> _Description of the task_
Write the lines below out exactly, dropping each picture.

> _Collected data_
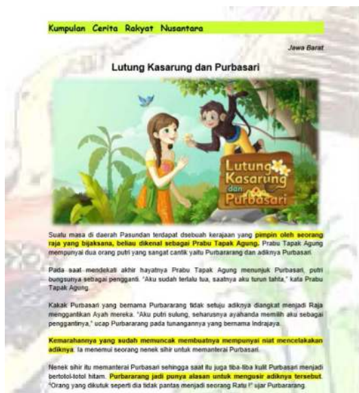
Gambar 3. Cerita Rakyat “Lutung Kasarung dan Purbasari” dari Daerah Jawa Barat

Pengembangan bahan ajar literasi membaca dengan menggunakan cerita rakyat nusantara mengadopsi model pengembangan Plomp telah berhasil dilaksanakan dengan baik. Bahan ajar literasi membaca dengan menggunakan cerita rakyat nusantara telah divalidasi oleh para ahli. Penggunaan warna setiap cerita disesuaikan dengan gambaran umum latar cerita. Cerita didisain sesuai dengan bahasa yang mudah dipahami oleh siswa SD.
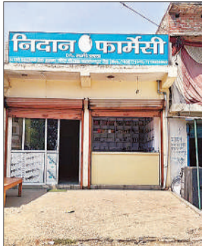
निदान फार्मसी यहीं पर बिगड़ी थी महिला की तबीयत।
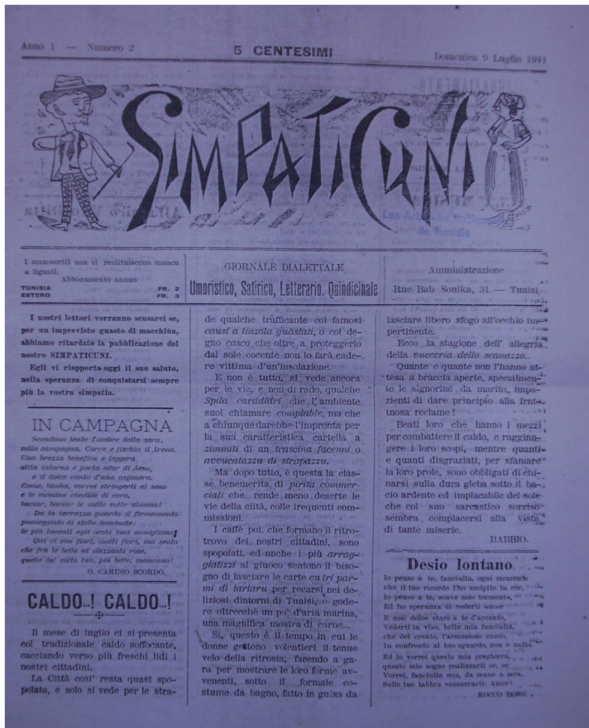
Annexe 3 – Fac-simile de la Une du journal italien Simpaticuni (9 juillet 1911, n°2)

> _Solution below_
Gambar 3. Cerita Rakyat “Lutung Kasarung dan Purbasari” dari Daerah Jawa Barat

Pengembangan bahan ajar literasi membaca dengan menggunakan cerita rakyat nusantara mengadopsi model pengembangan Plomp telah berhasil dilaksanakan dengan baik. Bahan ajar literasi membaca dengan menggunakan cerita rakyat nusantara telah divalidasi oleh para ahli. Penggunaan warna setiap cerita disesuaikan dengan gambaran umum latar cerita. Cerita didisain sesuai dengan bahasa yang mudah dipahami oleh siswa SD.
निदान फार्मसी यहीं पर बिगड़ी थी महिला की तबीयत।
Annexe 3 – Fac-simile de la Une du journal italien Simpaticuni (9 juillet 1911, n°2)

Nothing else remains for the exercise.